→ **Dataset content**:
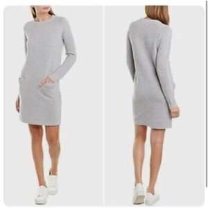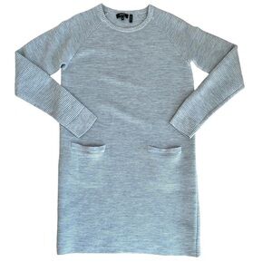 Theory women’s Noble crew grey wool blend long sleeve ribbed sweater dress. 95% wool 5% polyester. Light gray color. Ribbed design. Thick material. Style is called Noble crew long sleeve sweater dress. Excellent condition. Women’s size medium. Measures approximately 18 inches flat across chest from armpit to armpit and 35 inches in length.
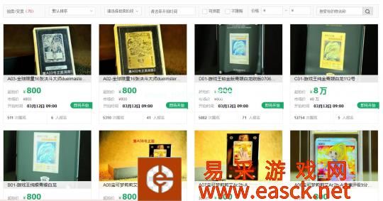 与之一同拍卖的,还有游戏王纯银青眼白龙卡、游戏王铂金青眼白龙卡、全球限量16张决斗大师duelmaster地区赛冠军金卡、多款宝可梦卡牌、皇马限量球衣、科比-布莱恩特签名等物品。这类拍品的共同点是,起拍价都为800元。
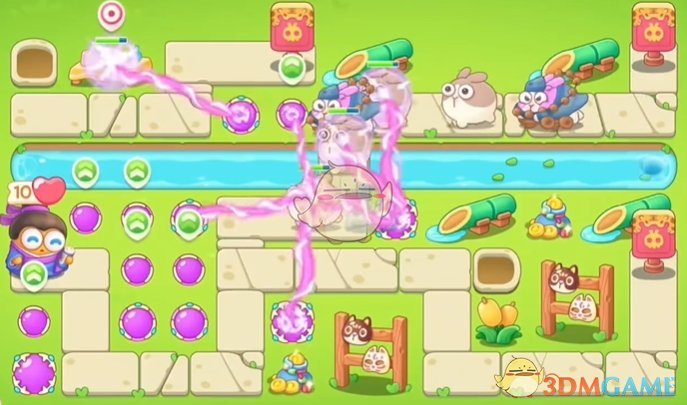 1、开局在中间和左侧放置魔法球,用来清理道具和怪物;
* * *
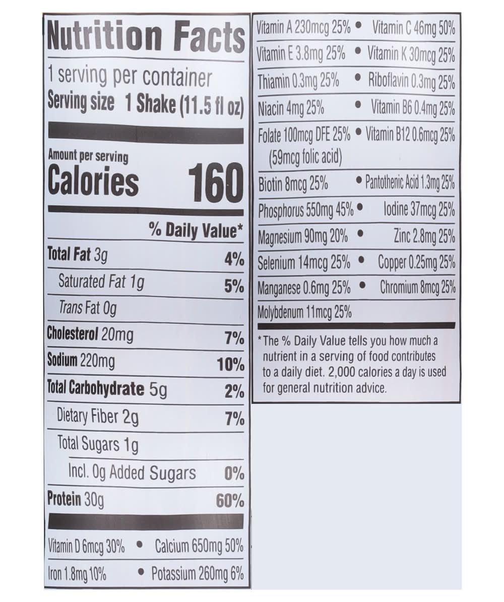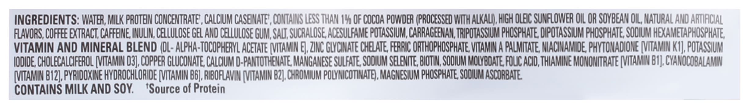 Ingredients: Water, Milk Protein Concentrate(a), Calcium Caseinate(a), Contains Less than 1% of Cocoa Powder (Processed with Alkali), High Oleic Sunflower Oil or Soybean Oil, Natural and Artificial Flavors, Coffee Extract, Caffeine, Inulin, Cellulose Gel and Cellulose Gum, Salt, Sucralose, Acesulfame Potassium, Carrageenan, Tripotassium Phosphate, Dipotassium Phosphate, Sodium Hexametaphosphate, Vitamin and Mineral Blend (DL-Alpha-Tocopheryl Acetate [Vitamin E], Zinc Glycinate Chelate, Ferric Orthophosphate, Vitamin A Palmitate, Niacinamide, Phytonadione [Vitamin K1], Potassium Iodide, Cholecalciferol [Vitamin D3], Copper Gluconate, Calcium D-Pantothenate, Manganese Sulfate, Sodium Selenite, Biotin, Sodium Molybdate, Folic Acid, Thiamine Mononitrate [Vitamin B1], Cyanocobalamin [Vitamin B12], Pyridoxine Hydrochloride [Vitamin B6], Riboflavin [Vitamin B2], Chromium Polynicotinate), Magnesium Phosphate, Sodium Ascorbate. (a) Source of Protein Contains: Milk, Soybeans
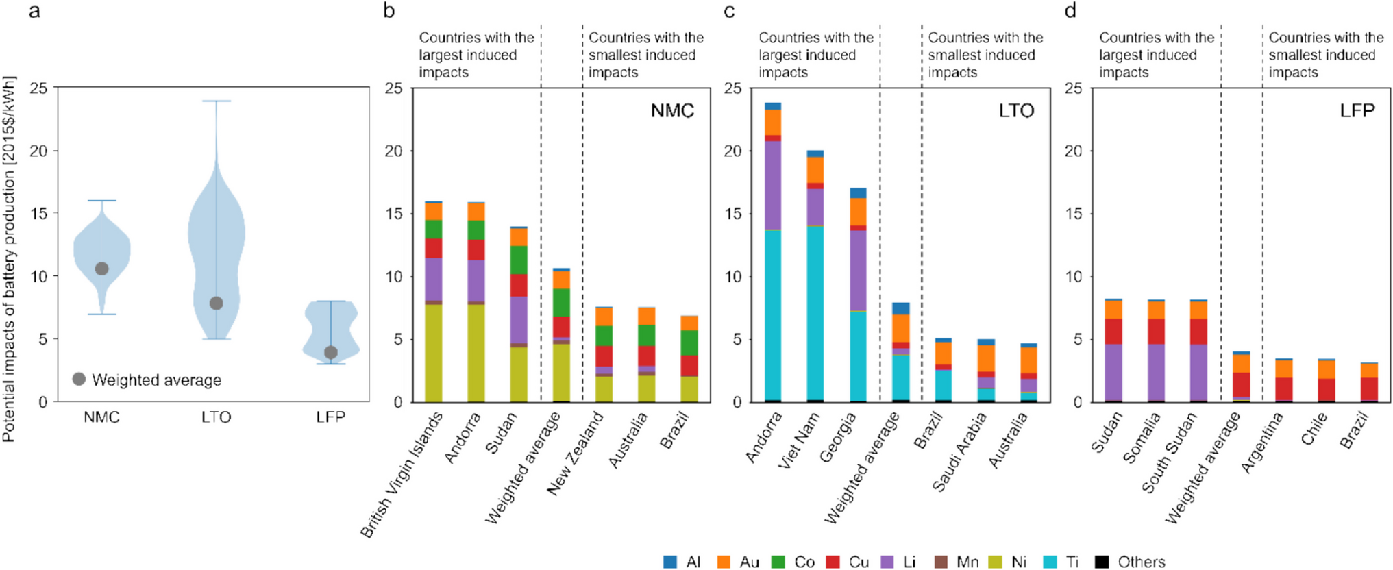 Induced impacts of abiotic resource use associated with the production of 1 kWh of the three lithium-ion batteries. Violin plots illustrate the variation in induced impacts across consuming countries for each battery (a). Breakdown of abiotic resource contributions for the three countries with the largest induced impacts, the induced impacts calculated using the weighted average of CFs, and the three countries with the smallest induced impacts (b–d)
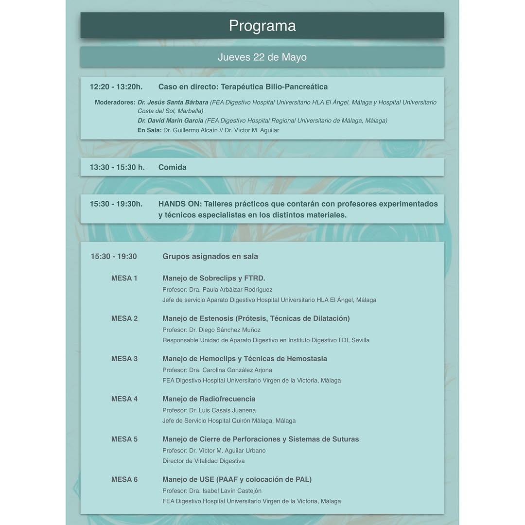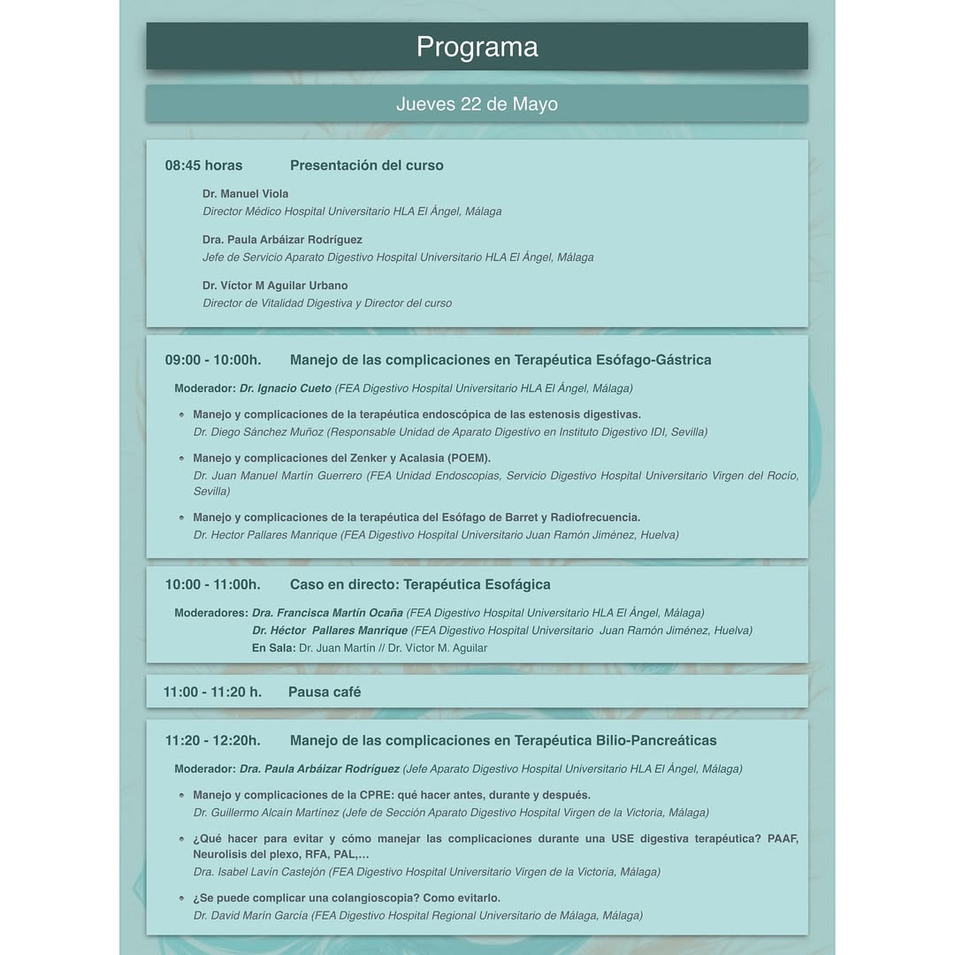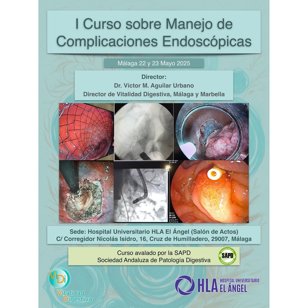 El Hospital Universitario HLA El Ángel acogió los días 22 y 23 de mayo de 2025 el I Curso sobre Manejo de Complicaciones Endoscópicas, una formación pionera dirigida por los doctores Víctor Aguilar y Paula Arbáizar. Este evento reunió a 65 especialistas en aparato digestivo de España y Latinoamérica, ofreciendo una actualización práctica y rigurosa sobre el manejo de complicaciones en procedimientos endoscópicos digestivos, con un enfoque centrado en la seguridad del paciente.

→ **What this task involves**: When you reach the line containing "Induced impacts of" in the entries above, begin restating word for word, and stop once the line containing "El Hospital Universitario" has been given. Omit the pictures.

→ **Task output**:
 Induced impacts of abiotic resource use associated with the production of 1 kWh of the three lithium-ion batteries. Violin plots illustrate the variation in induced impacts across consuming countries for each battery (a). Breakdown of abiotic resource contributions for the three countries with the largest induced impacts, the induced impacts calculated using the weighted average of CFs, and the three countries with the smallest induced impacts (b–d)
 El Hospital Universitario HLA El Ángel acogió los días 22 y 23 de mayo de 2025 el I Curso sobre Manejo de Complicaciones Endoscópicas, una formación pionera dirigida por los doctores Víctor Aguilar y Paula Arbáizar. Este evento reunió a 65 especialistas en aparato digestivo de España y Latinoamérica, ofreciendo una actualización práctica y rigurosa sobre el manejo de complicaciones en procedimientos endoscópicos digestivos, con un enfoque centrado en la seguridad del paciente.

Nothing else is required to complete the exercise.